Monday, October 13, 2014

Inside Jokes On a Splinter

Within a matter of days, really, I will lose all facsimile of personal security, my only intimacies, those with a monster pig of a man from the Bronx whom I rejected, and with a transsexual I've come to hate with such glittering abandon that there must be more to it, as of course there is. I believed the transsexual's advocacy was once just, however diffident my revulsion of his androgyny. In a Shakespearean comedy, the androgyny is a linguistic tension toward liberation, but in the flesh, despite cellular indifference to personal values, the concrete reality of androgyny is something else, leading for the desire of better disposal of bipedal forms with their own hideousness, affirming in my memory that I probably did finish Gardner's The Sunlight Dialogues under the tutelage of Professor Jerry McGuire, and finished it this early Monday once again, annoyed, past the Post-Moderns.
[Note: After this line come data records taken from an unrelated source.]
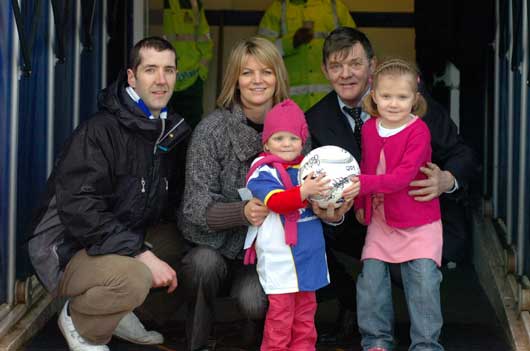 Mark Armstrong has been in touch to advise that the bucket collection held at the Dundee game was a huge success, with £2981 being raised on the day. The sum included a generous donation from the victorious Queens squad as well as from Mr Conchie, the winner of the half-time draw, who very kindly donated half of his winnings to the appeal. Also, the badge sold by the Globe Inn Doonhamers was a tremendous success and actually sold out twice. Mark also advises that the signed Queens top [organised by John Kerr] and the signed Livingston Match-ball [donated by George 'Chopper' Dickson] are available to the highest bidder. If you would like to bid for one - or both - of these items, please email Mark at esther@marmstrong.fsnet.co.uk The closing date for bids is 17th May. ![]() Chopper Dickson and granddaughter Rachel present the Livingston Match-ball to the Armstrong family. |
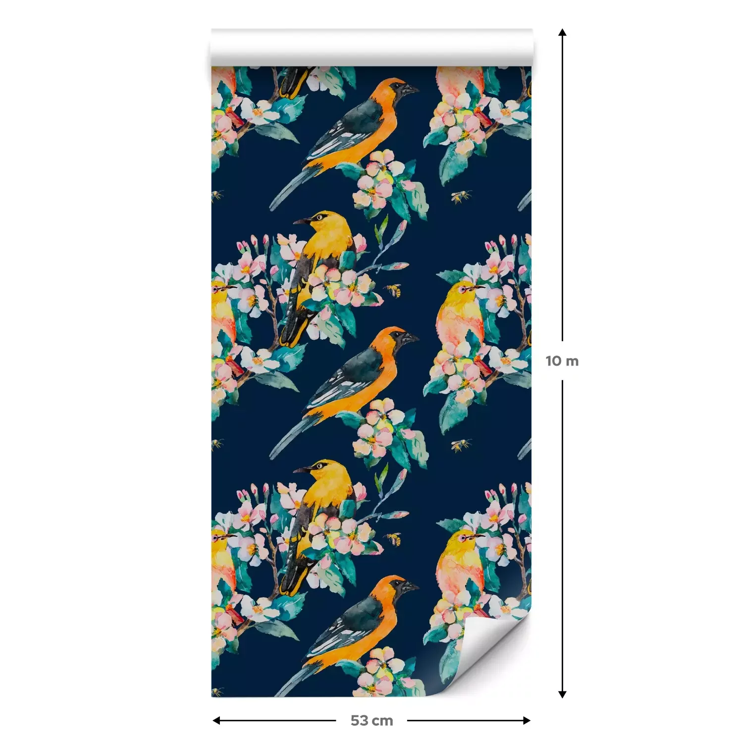 Eine Standard-Tapetenrolle hat die Maße 0,53 m x 10 m und deckt eine Wandfläche von etwa 5 m² ab.
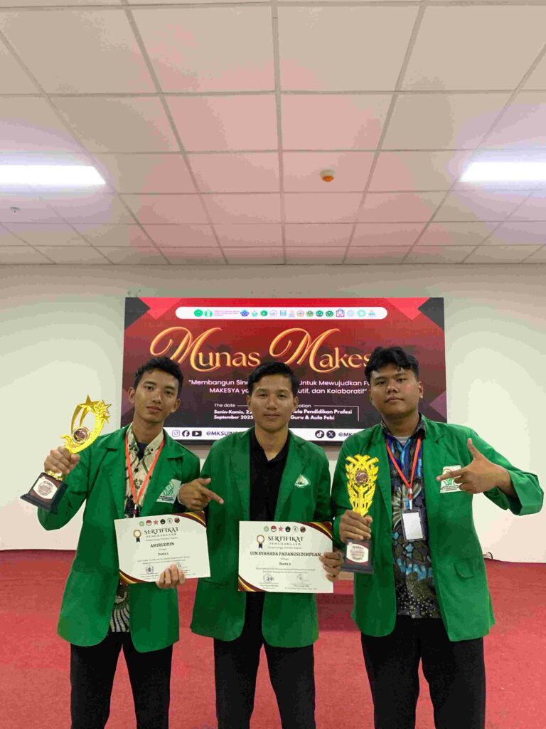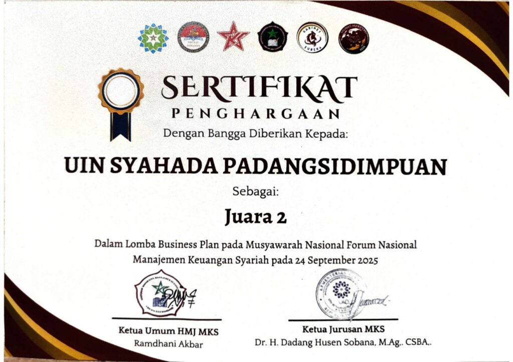 Padangsidimpuan, 30 September 2025 — Mahasiswa Program Studi Manajemen Keuangan Syariah Fakultas Ekonomi dan Bisnis Islam (FEBI) Universitas Islam Negeri Syekh Ali Hasan Ahmad Addary (UIN SYAHADA) Padangsidimpuan kembali mengharumkan nama kampus di kancah nasional. Dalam ajang Musyawarah Nasional Mahasiswa Keuangan Syariah (MUNAS MaKeSya) 2025 yang diselenggarakan di UIN Sunan Gunung Djati Bandung pada tanggal 24–28 September 2025, tim mahasiswa UIN SYAHADA berhasil meraih dua penghargaan bergengsi sekaligus.

As different as Pynchon and Gardner are, John more driven toward an intrinsic moral veracity, the fireworks in either man's opus fall like tinder in the present era. Gardner couldn't have lived to see the Muslim intransigence he eerily predicted in the mouth of Taggert Hodge's wounded ravings sustained for over 600 pages of human failings. No one, not even Franzen, writes the kind of novel today which Gardner could afford to write as the 20th century would lurch into 9/11 and a black presidency whose initial ebullience invariably gave way to a sense of lack, and all I have as a disabled woman who hasn't achieved much of anything except warfare with statutory demands, is desperation for a different environment which my economic status denies. I speak of hatreds as a kind of shorthand, making it worse than it is, at the bottom, an overwhelming, now self-damning and potentially destructive desire for change, and yet at the end of the day, I am a cripple, basically inert, gainsaid for years by minority abuse, minority insistence, and white indifference, that indifference now capped by family mortality, and an inability to offer support, with an ulcer possibly gnawing my stomach, touch of blood seeping out of my eye, I do actually fear I could get Ebola if I am forced to deal with more African American paraprofessionals, but assume the touch of blood in my watering eye bulb is capillary irritation.

I do not give two shits about my apartment manager Trudy Richardson and her swamp thing from Mississippi Debra Horne. The hate I speak of comes from the psychological toll their constraint places on the most vulnerable and most powerless, and yet this is all Pennsylvania shoves down my throat my entire life, vocational rehabilitation and 500 different black women to keep up the laundry pile, and I thought, in most of my aspirations, that a literary life would offer a kind of triumph, much as Lindsay Lohan makes a cheap bid to toy with her media reputation in the 2007 I Know Who Killed Me. Gaming her audience. Cuttings as an outcry. Prosthetics as a kind of exploit. Stained glass as a more metaphysical threat than a chain saw, tooling religious histrionics. If Gardner wasn't an optimist, Lohan's abrasive edges and dialogue by the numbers certainly evinces the brittleness of the American psyche, white feminine anger for freedom, disarticulated over sexual flaunting, preying on our deepest fears, being clipped by inexorable pressures to succeed instead of getting high or opting out, womanhood itself always hobbled, inextricably damaged.

Erik, in some of the last words we'll ever speak to each other, in lieu of snapping his neck like a twig, asked me who I was to judge him? My answer to you about that is: an honest woman who doesn't destroy the careers of others for the accrual of power. I may sound like a forceful activist in denial, but right there is why I am not. Leaders in the disability movement, want control of the reigns for themselves, until forced to cede to fresher players.